You can't change her mind, but I can suggest simple ways to stop her "sharing".
Yeah I’m definitely open to anything now that I’ve realized what’s going on.
 
What she's doing is a variation of DARVO: "Deny, Attack, Reverse Victim and Offender".
DARVO isn't a complete analysis in itself of course - it's actually just an aggressive opening. But it's well-known and easy to remember.

The "I forgive you" part is an attack packaged as a weak "thought-stopper".
That kind of thing induces a defensive response, which passes the initiative to the attacker.
The defender (you) should act to take the initiative and keep it.

I have to ask first:
1. Do you have children together (this is an unconditional "no conversational nukes" situation)?
2. Are there any resources "in play" at the moment (property, money, things with sentimental value, etc)?
3. Anything else that would motivate you to avoid things heating up?
 
What she's doing is a variation of DARVO: "Deny, Attack, Reverse Victim and Offender".
DARVO isn't a complete analysis in itself of course - it's actually just an aggressive opening.

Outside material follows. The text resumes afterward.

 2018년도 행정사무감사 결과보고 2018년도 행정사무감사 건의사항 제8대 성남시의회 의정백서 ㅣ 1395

But it's well-known and easy to remember.

The "I forgive you" part is an attack packaged as a weak "thought-stopper".
That kind of thing induces a defensive response, which passes the initiative to the attacker.
The defender (you) should act to take the initiative and keep it.

I have to ask first:
1. Do you have children together (this is an unconditional "no conversational nukes" situation)?
2. Are there any resources "in play" at the moment (property, money, things with sentimental value, etc)?
3. Anything else that would motivate you to avoid things heating up?
1. 2 kids
2. She is currently using my car. (I have a company car I’m allowed to use for my own purposes, so I’m not carless.) I’ve allowed her this because I want it to be easier on my kids.
3. That all about covers it.

I feel like I can’t find the line between being being supportive to my children and being walked on by their mother.
 
1. 2 kids
2. She is currently using my car. (I have a company car I’m allowed to use for my own purposes, so I’m not carless.) I’ve allowed her this because I want it to be easier on my kids.
3. That all about covers it.

I feel like I can’t find the line between being being supportive to my children and being walked on by their mother.
To add on to it she is paying the insurance for the car as well as oil changes. So I legitimately feel she’s not taking complete advantage of me.
 
I tend to acknowledge that nebulous "perspectives" tend to be anecdotal.

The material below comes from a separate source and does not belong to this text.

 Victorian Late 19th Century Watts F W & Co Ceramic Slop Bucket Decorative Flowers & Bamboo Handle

The sort of thing that at best is to be taken "with a grain of salt" as they say.
 
I think you should move this to a forum "Conversation" (i.e. private).

Not so I can give you private divorce advice though.
The simpler techniques to resist being mildly gaslighted assume you don't care if you annoy the aggressor.
You'll have to be much softer because of the kids.

We may be able to move forward anyway, but it might be a crooked path.

BTW - if the first post I reacted to is reasonably accurate you are being gaslighted.